Start of Material provided

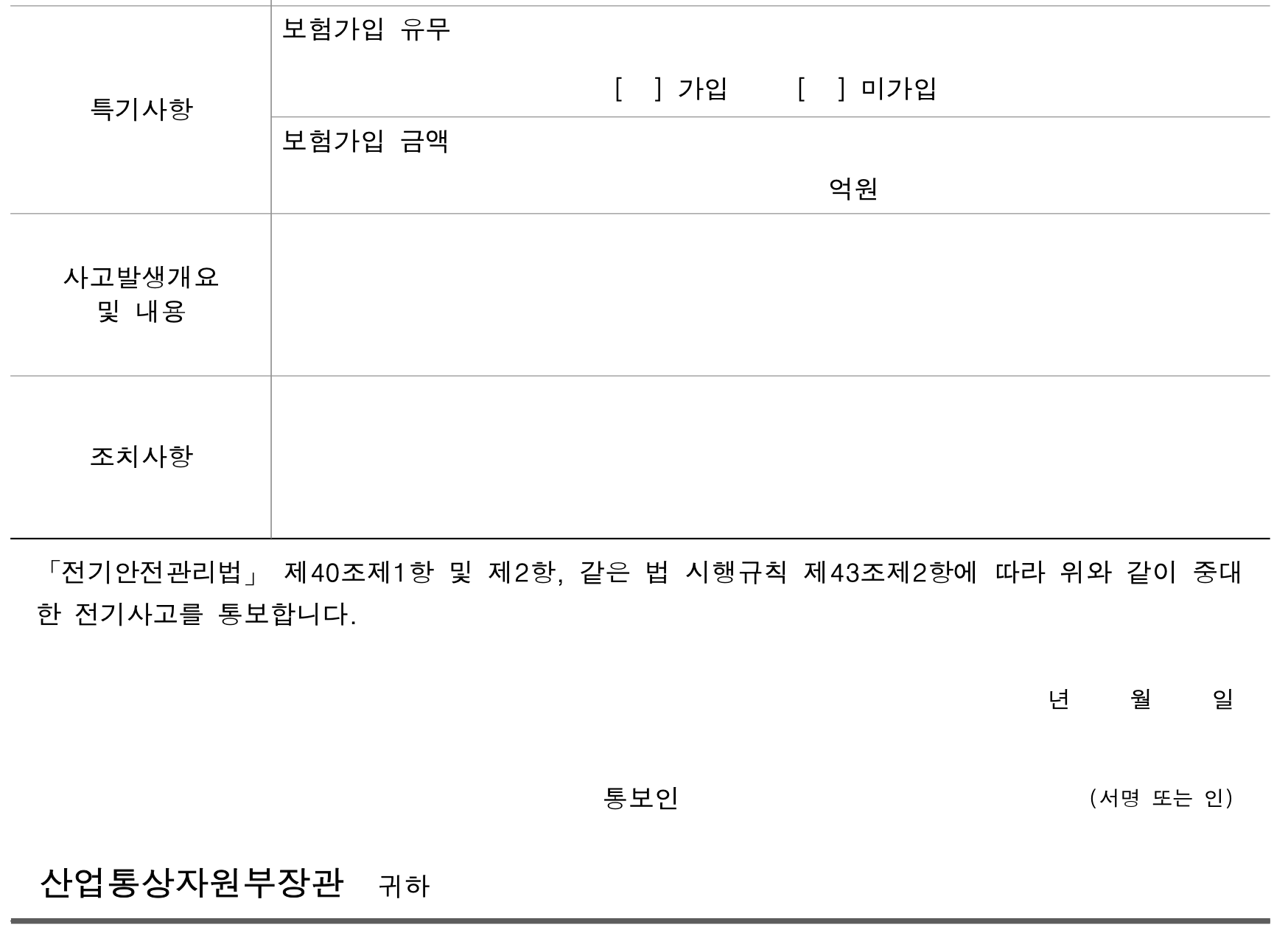 | 가. 사고 발생 후 24시간 이내: 전기안전종합정보시스템으로 통보할 것 | 1) 통보자의 소속, 직위, 성명 및 연락처 2) 사고 발생 일시 3) 사고 발생 장소 4) 사고 내용 5) 전기설비 현황(사용 전압 및 용량) 6) 피해 현황(인명 및 재산) |
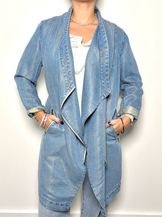 Women Size M SOIA & KYO Washed Blue Solid Tencel Blend Pre-owned Jacket
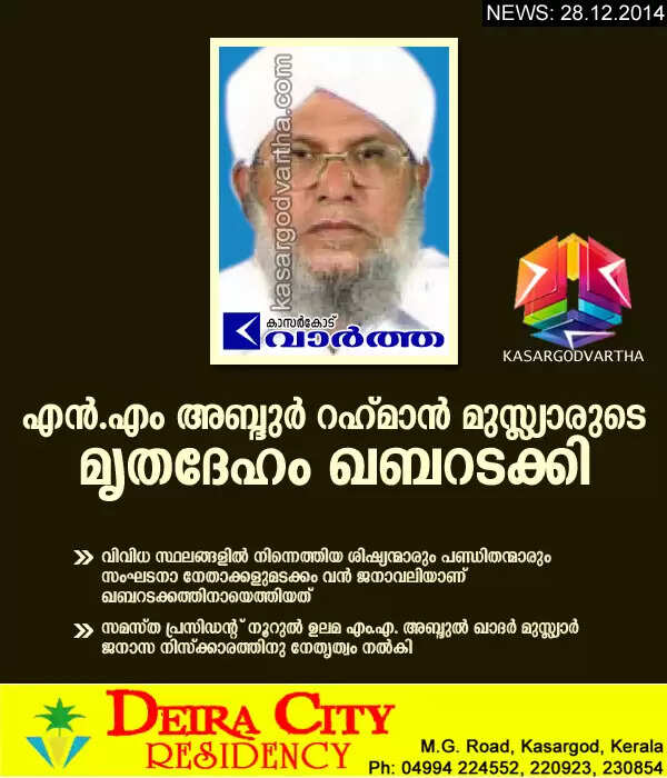 Keywords : Melparamba, Death, Kasaragod, Kerala, NM Abdul Rahman Musliyar.
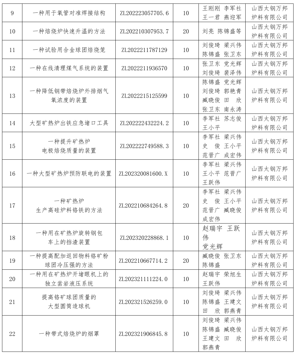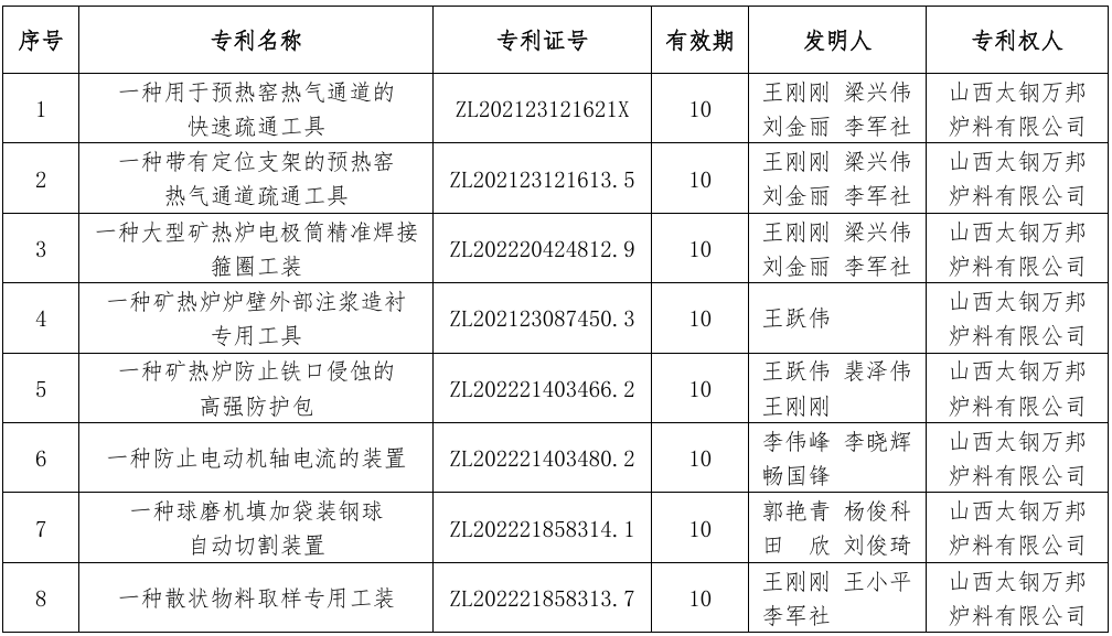 太钢万邦拥有22项专利技术,具体情况如下:
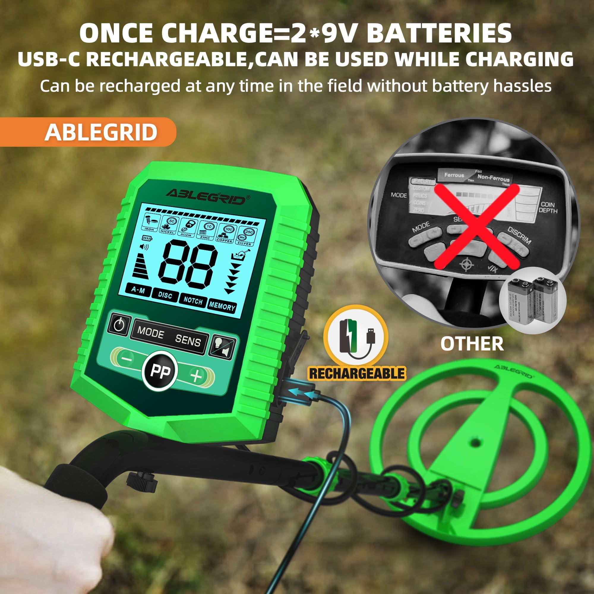 【RECHARGEABLE METAL DETECTOR 】Unlike other metal detectors, our detector can be recharged via a Type-C cable (included in the cardboard box), which lasts up to 5 hours on maximum power and can be fully charged in less than 2 hours. You can charge it using a portable power bank in outdoors. The built-in lithium-ion battery is extremely durable and will last for years, making it a very affordable option.

End of Material provided

## Task statement
Give back the data verbatim. The pictures are not part of the copy.

## Task solution
 | 가. 사고 발생 후 24시간 이내: 전기안전종합정보시스템으로 통보할 것 | 1) 통보자의 소속, 직위, 성명 및 연락처 2) 사고 발생 일시 3) 사고 발생 장소 4) 사고 내용 5) 전기설비 현황(사용 전압 및 용량) 6) 피해 현황(인명 및 재산) |
 Women Size M SOIA & KYO Washed Blue Solid Tencel Blend Pre-owned Jacket
 Keywords : Melparamba, Death, Kasaragod, Kerala, NM Abdul Rahman Musliyar.
 太钢万邦拥有22项专利技术,具体情况如下:
 【RECHARGEABLE METAL DETECTOR 】Unlike other metal detectors, our detector can be recharged via a Type-C cable (included in the cardboard box), which lasts up to 5 hours on maximum power and can be fully charged in less than 2 hours. You can charge it using a portable power bank in outdoors. The built-in lithium-ion battery is extremely durable and will last for years, making it a very affordable option.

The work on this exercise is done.